[ASSIGNMENT] The copy you return should hold only the lines from the top of the data below through the line with "TASTEFUL TUNIC; Everyone", each duplicated exactly and with no pictures.

[DATA LISTING]
......
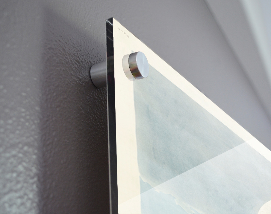 Printed to the edge - Ready to hang - provided with 4 premium polished aluminum stand off ( wall screws and mounting hardware provided ) We suggest a thicker 3/16" acrylic for any size over 42 inches to guarantee a straight acrylic, without curvature
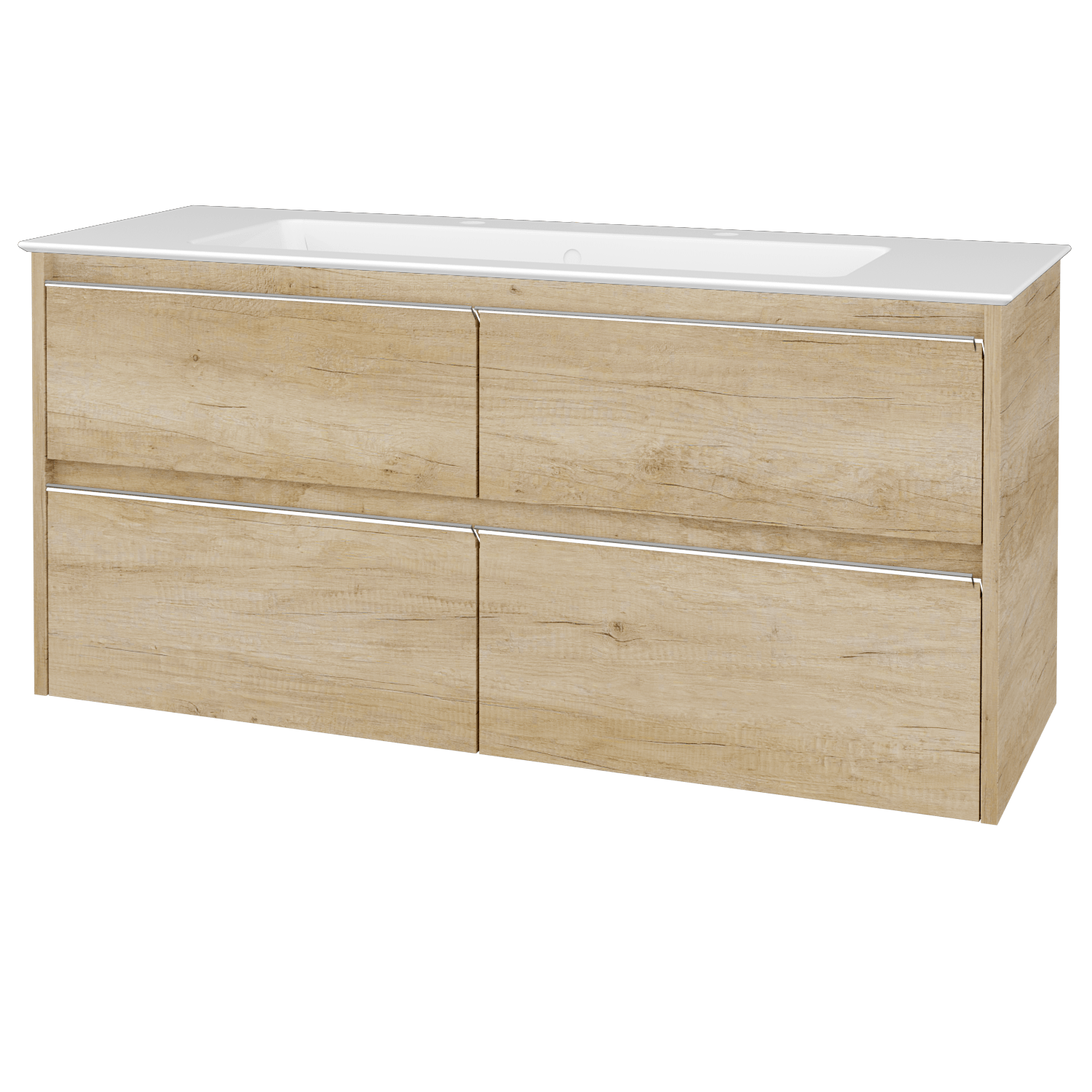 Umyvadlová skříňka (1200x390x445) se 4 zásuvkami pod sebou a keramickým umyvadlem Pura 120 se 2 otvory pro baterii Zobrazit více
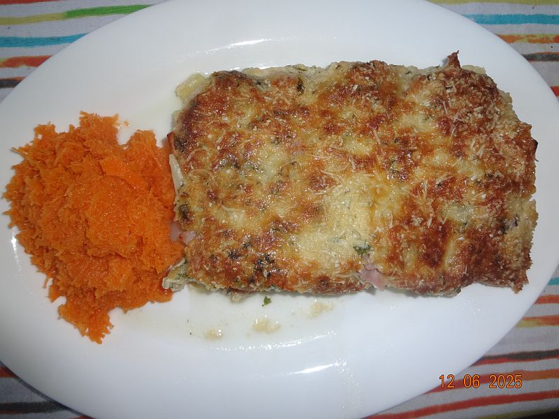 | | Gordon bleu mit Prager Schinken und Chedder-Käse, Blumenkohl, Pet.-Kart., Lollo-Bionda-Salat mit Radieschen-Sprossen |
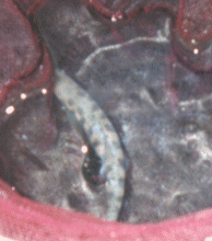 竿の中段に傷が入っていたのですが、10cm程度のアマゴを
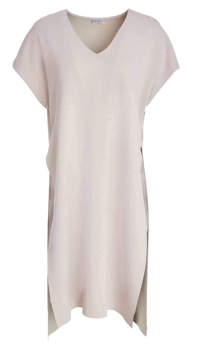 TASTEFUL TUNIC; Everyone loves a long line tunic, the NAYA V-neck version is soft and sheer, draping beautiful down the body. It finishes with a dipping hem line below the knee to elongate the body. #nayaclothing #buynayaonline #irishdesign
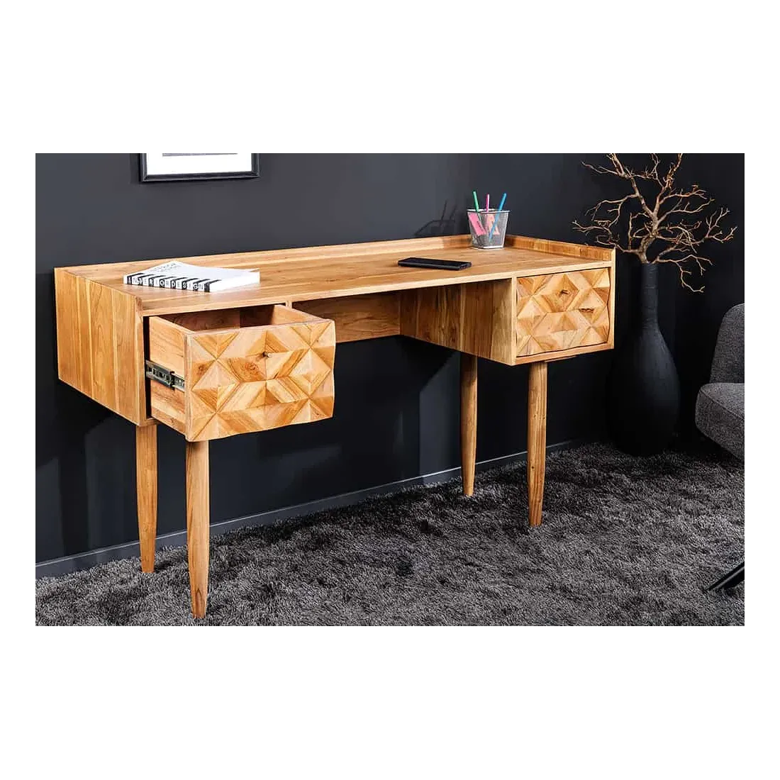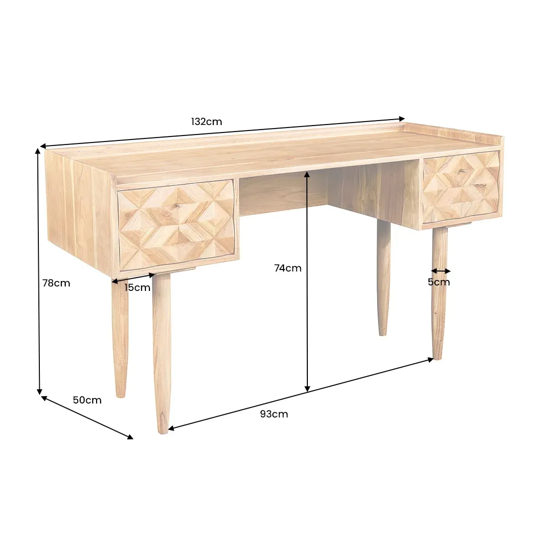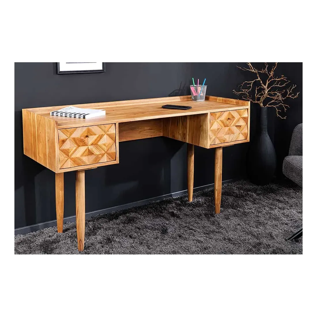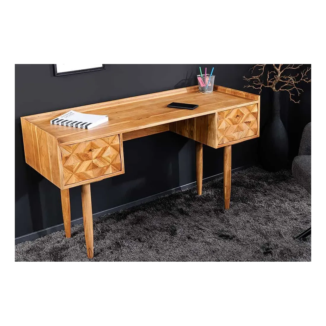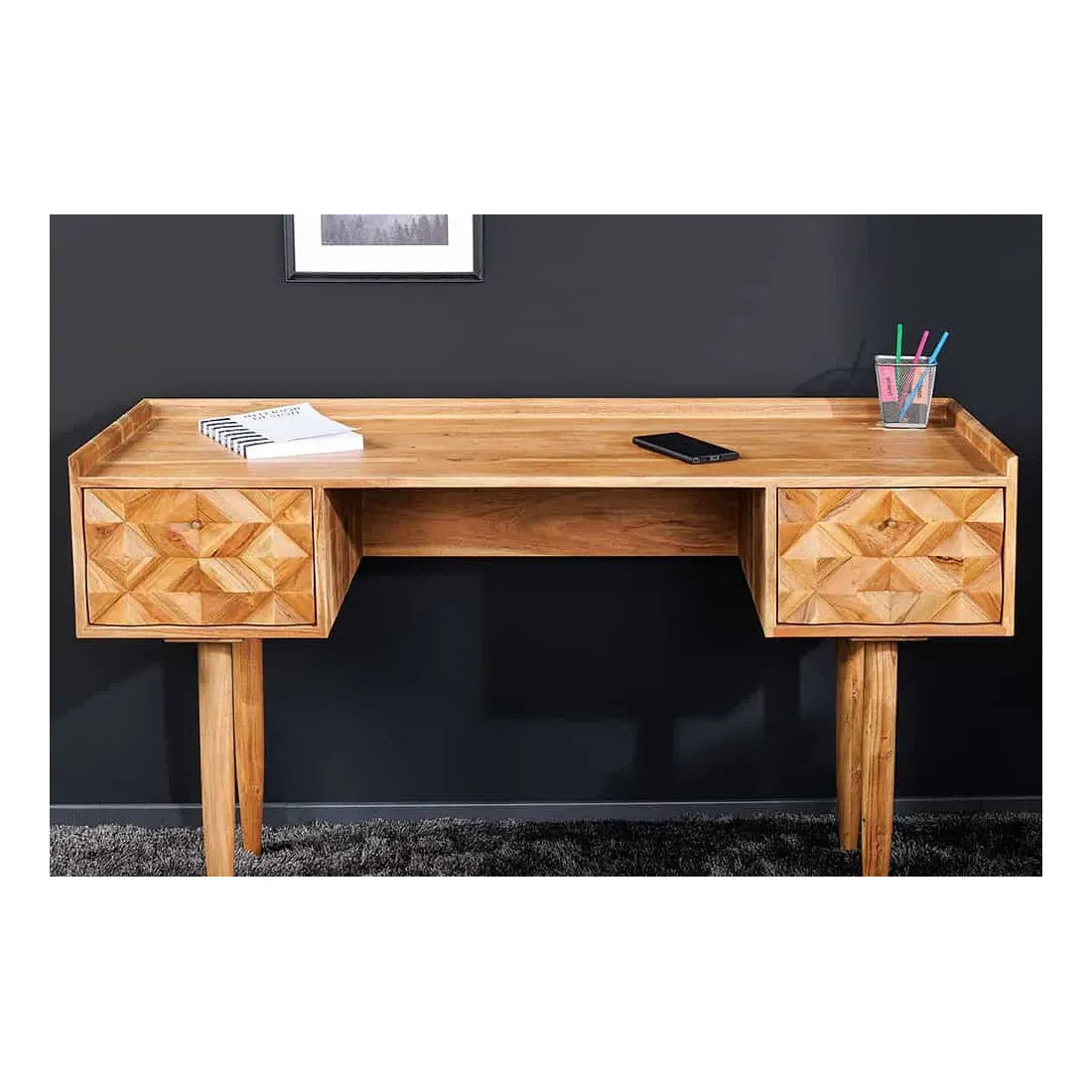 Le bureau ALPINE 135 cm séduit par sa structure en bois massif d'acacia, sa façade 3D sculptée à la main et sa finition miel raffinée. Ses deux tiroirs spacieux permettent de ranger vos documents et accessoires de bureau, tout en apportant une touche naturelle et élégante à votre intérieur.
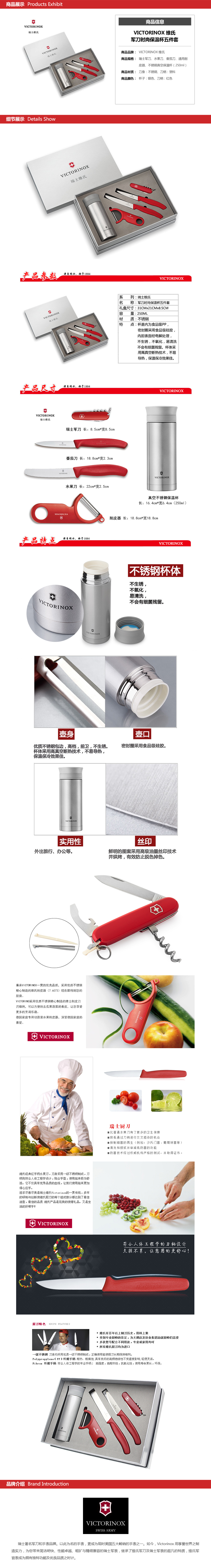 商品名称:瑞士维氏 Victorinox 瑞士军刀+水果刀+番茄刀+刨皮器+真空保温杯五件套礼盒套装
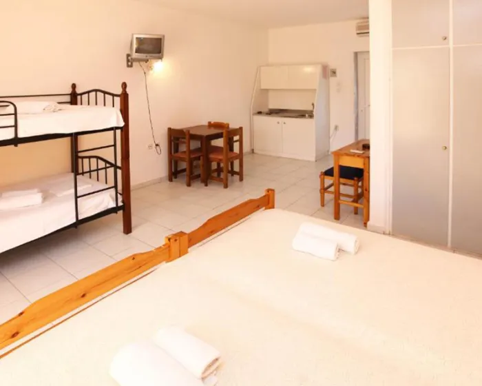 Poseduje studija koja su namenjena za smeštaj od dve do četiri osobe smeštena u prizemlju i na prvom spratu. Sve smeštajne jedinice poseduju čajnu kuhinju, kupatilo/wc, peškire, terasu, WiFi internet, TV, klima uređaj (uz doplatu na licu mesta od 5e dnevno). Vila ima ograđeno dvorište sa baštenskim stolovima i zidanim roštiljem, koje je na raspolaganju gostima, kao i parking.
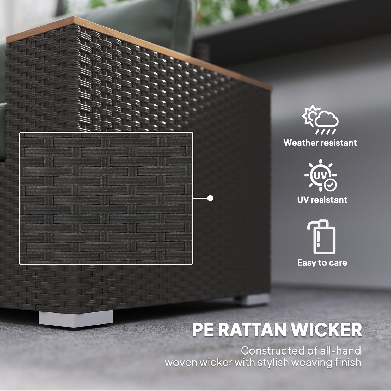 Outsunny 3-Seat Outdoor Patio Sofa with Cushions, PE Rattan Wicker Sofa with Wood Grain Wide Armrests, Outdoor Wicker Couch for Porch, Garden, Sunroom, Poolside, Dark Gray
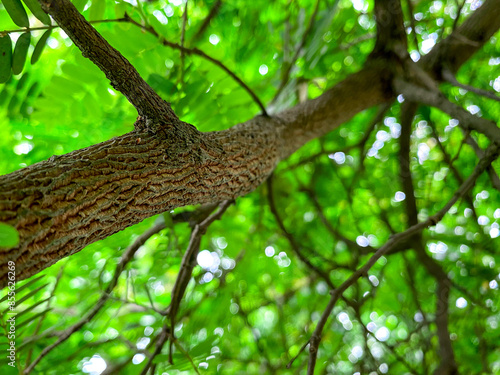 Beautiful leaves and yellow flowers of tamarind tree in the garden.
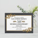 Convite Enquadrado Dourado para Bodas de Ouro 50 Anos de Casamento projetado com uma moldura preta, inserção dourada e detalhes em fita. O verso tem um fundo texturizado dourado. Para personalizar, basta inserir seus detalhes no nosso modelo fácil, substituindo o texto de exemplo. Certifique-se de ver o Banner de Festa correspondente.
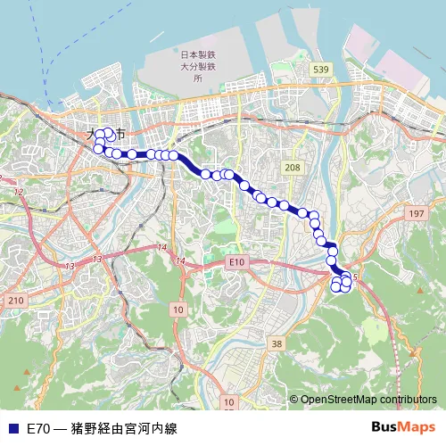 See why over 2 million users trust and consider busmaps.com as the best public transport website. busmaps gives you Oita Buses suggested routes, real-time bus tracker, line route maps in Oita, and helps to find the closest E70 bus stops near you. No internet available? Download an offline PDF map and bus schedule for the E70 bus to take on your trip.
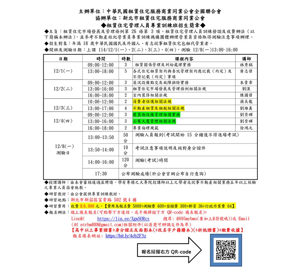(新訓一班)114年12月份【租賃住宅管理人員專業訓練班】報名簡章
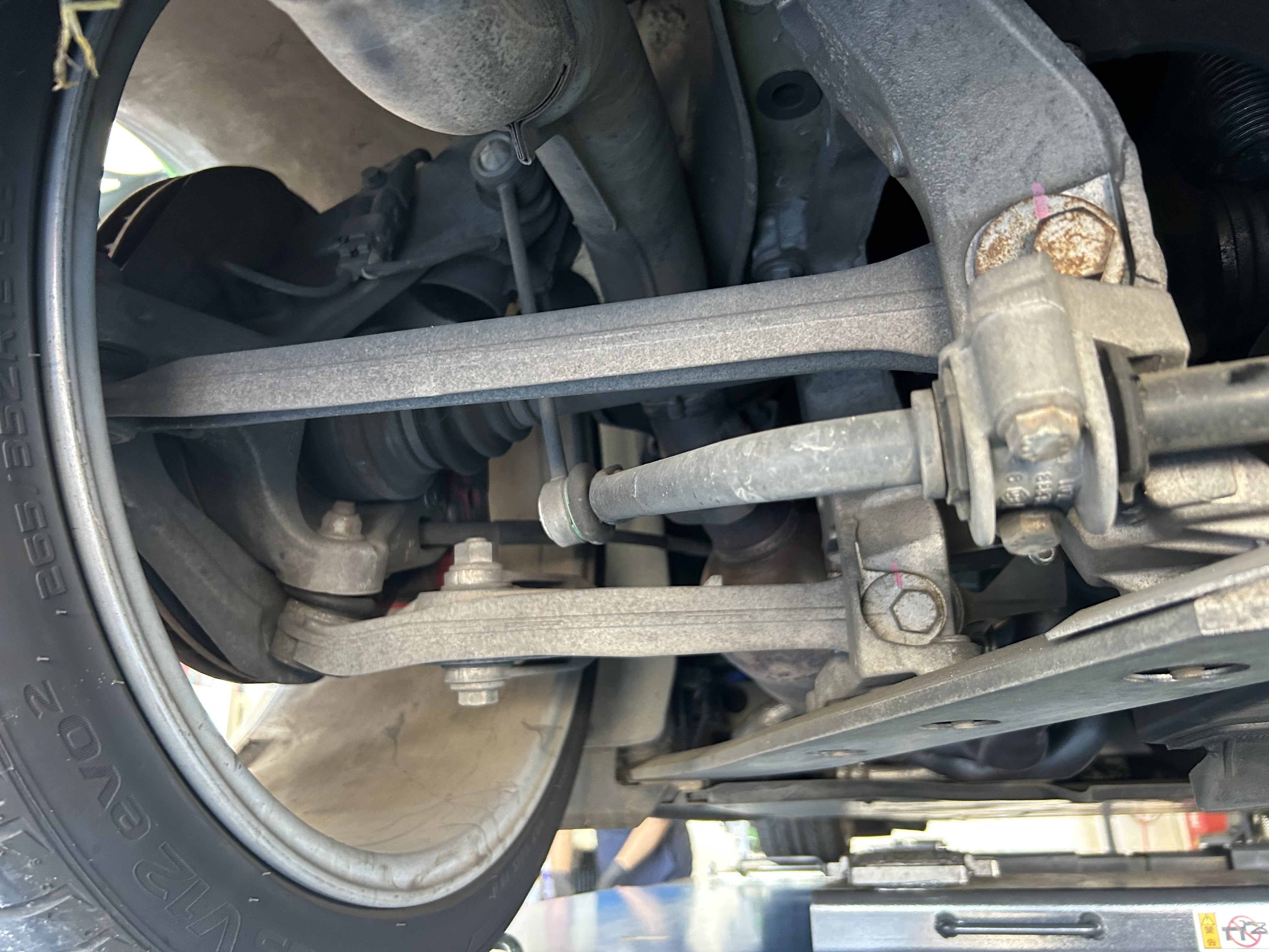 リアの偏心カムの位置は見やすい位置にありますが、ボディー剛性の補強バーやメンバーブレースがあり
......
[ANSWER SECTION]
 Printed to the edge - Ready to hang - provided with 4 premium polished aluminum stand off ( wall screws and mounting hardware provided ) We suggest a thicker 3/16" acrylic for any size over 42 inches to guarantee a straight acrylic, without curvature
 Umyvadlová skříňka (1200x390x445) se 4 zásuvkami pod sebou a keramickým umyvadlem Pura 120 se 2 otvory pro baterii Zobrazit více
 | | Gordon bleu mit Prager Schinken und Chedder-Käse, Blumenkohl, Pet.-Kart., Lollo-Bionda-Salat mit Radieschen-Sprossen |
 竿の中段に傷が入っていたのですが、10cm程度のアマゴを
 TASTEFUL TUNIC; Everyone loves a long line tunic, the NAYA V-neck version is soft and sheer, draping beautiful down the body. It finishes with a dipping hem line below the knee to elongate the body. #nayaclothing #buynayaonline #irishdesign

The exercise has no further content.